– Вот как это было, – говорил Турченко, расхаживая в заячьей курточке по своему кабинету, увешанному картинами с изображением тигров. – Я студентом приехал на каникулы в самую глушь Тверской губернии к своему двоюродному брату Николаю – к Коке, – так мы его называли. Он был когда-то блестящим молодым человеком, с лицейским образованием, с большими связями и великолепной карьерой впереди, и прекрасно танцевал на настоящих светских балах, обожал актрис из французской оперетки и новодеревенских цыганок, пил шампанское, по его словам, как крокодил, и был душой общества. Но в один миг, буквально вмиг, все Кокино благополучие рухнуло. Однажды утром он проснулся и с ужасом убедился в том, что всю правую сторону его тела разбил паралич. Из самолюбия и из гордости он обрек себя на добровольное изгнание и поселился в деревне.
Но он вовсе не утратил ясности и бодрости духа и с легкой иронией называл себя велосипедистом, потому что принужден был передвигаться, сидя в трехколесном кресле, которое сзади катил его слуга Яков. Он много ел и пил, много спал, писал на пишущей машинке пресмешные нецензурные письма в стихах и часто менял деревенских любовниц, которым давал громкие имена королевских фавориток, вроде Ла-Вальер, Монтеспан и Помпадур.
Однажды, заряжая или разряжая браунинг, с которым Кока никогда не расставался, он прострелил своему Якову ногу. По счастию, пуля попала очень удачно, пройдя сквозь мякоть ляжки и пробив, кроме того, две двери навылет. Это событие почему-то тесно сдружило барина и слугу.
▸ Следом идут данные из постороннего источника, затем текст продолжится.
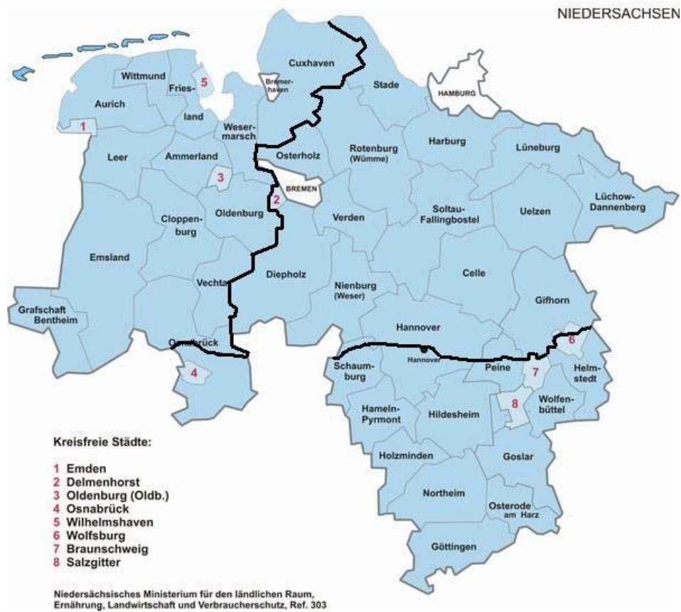
Abb. 2: Regionen mit unterschiedlicher Kalkungsdringlichkeit: Bergland, westliches Tiefland, östliches Tiefland
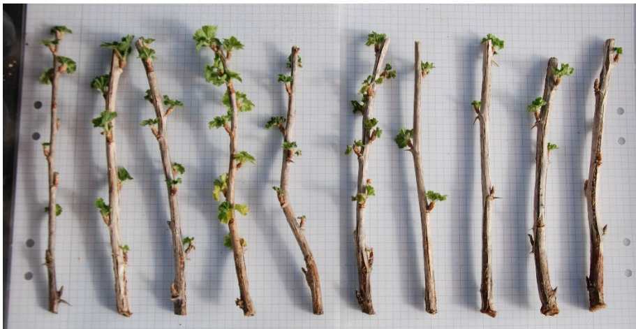
Bild 17: Kallvattenbehandlade sticklingar av Ribes (Grossularia-Gruppen) 'Dagmar'. från upprepning 1. Sticklingarna är ordnade från höger till vänster efter minst till mest rötter.
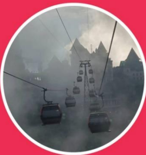
WINTER ธันวาคม-กุมภาพันธ์
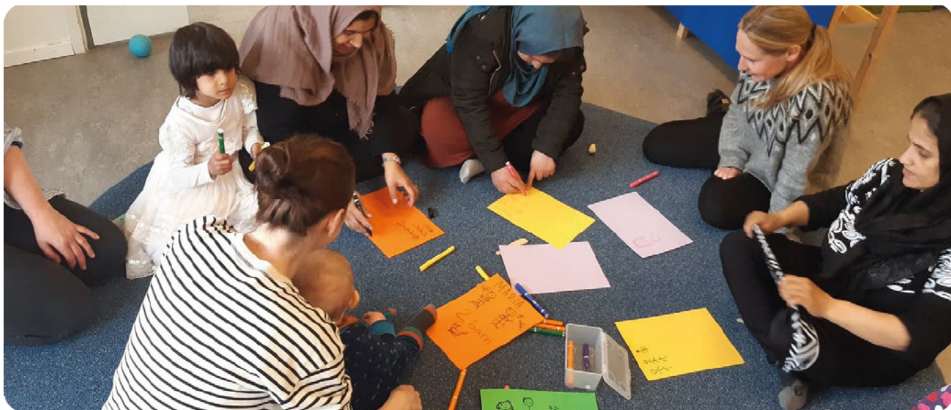
Deltagare och gruppleddare i Bromma VT22.

Till Svenska med babys öppna föräldragrupper är alla föräldrar med barn mellan 0 - 2 år välkomna. Föräldragrupperna äger rum på bibliotek, öppna förskolor, familjecentraler och i kyrkor samt utomhus i parker på 19 orter runt om i Sverige.
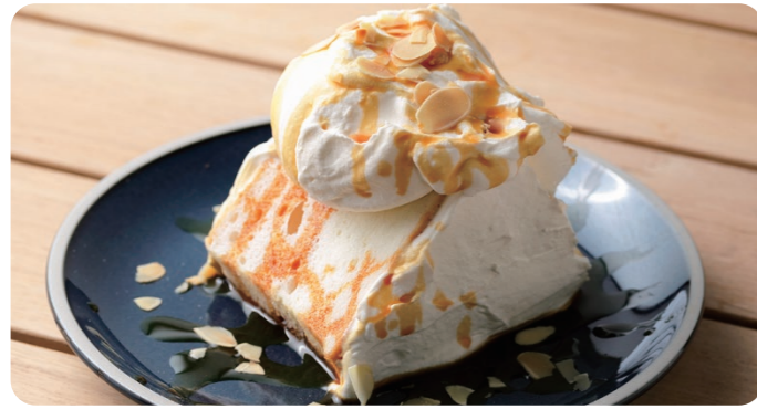
エンゼルフードケーキ バニラキャラメル ANGEL FOOD CAKE 760
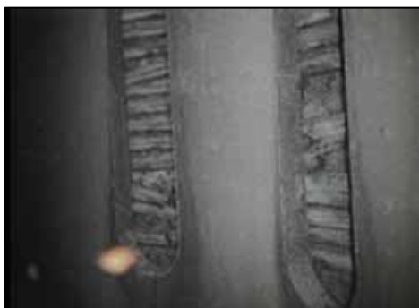
ストレーナの巻線の腐食状況
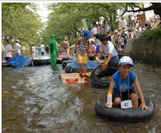
五条川の水辺まつり
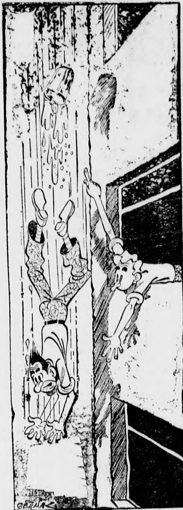
Amerikai humor: Munkaközvetítő a lezuhanó munkáshoz: Megállj, ügyetlen, levonom a fizetésedből a kiömlött malter árát!
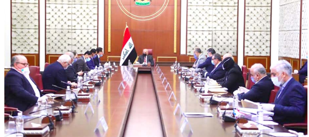
إجتماع : جانب من اجتماع المجلس الوزاري للإقتصاد في جلسته امس
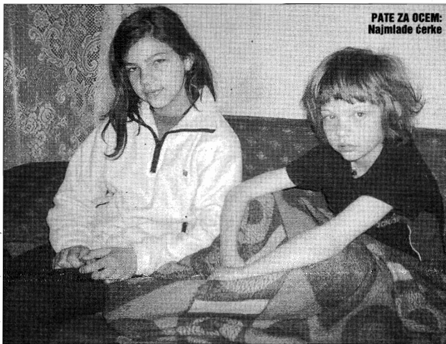
PATE ZA OCEM: Najmlađe ćerke

- Svima sam duboko zahvalna na pomoći - kaže Dragana, držeći pismo u
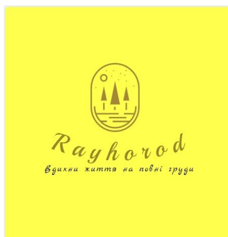
Рис. 3. Приклад логотипу для центру Райгородської ОТГ – с.Райгород (автор Світлана Міченко)
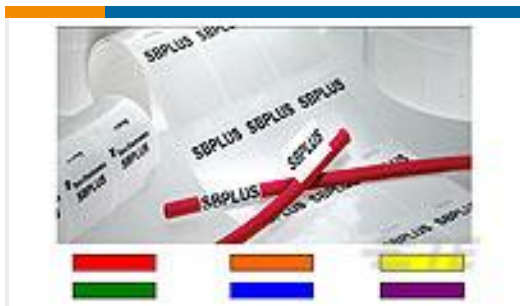
TE 产品编号CN9928-000 SBP100594WE1

Они положительно не могли жить друг без друга, хотя и ссорились нередко: Кока, рассердясь, тыкал метко Якову в живот костылем, а Яков тогда сбегал на несколько часов из дому и не являлся на зов, оставляя Коку в беспомощном состоянии.
Яков был в душе прекрасный охотник: неутомимый, несмотря на свою хромоту, с хорошей памятью местности, с большим знанием тех неуловимых причин, по которым угадываешь качество и количество дичи. Мы с ним часто ходили на простую мужицкую, очень трудную охоту, то есть без собаки, а с подкраду, требующую большого внимания и терпения. Надо сказать, что Кока неохотно отпускал со мною Якова, – без него он был, как без своих единственных руки и ноги. Поэтому, чтобы выпросить Якова, приходилось прибегать к хитростям. Ничто так не располагало Коку, великодушию, как расспросы о его прежней веселой жизни, когда он считался львом гостиных и милым завсегдатаем шикарных ресторанов.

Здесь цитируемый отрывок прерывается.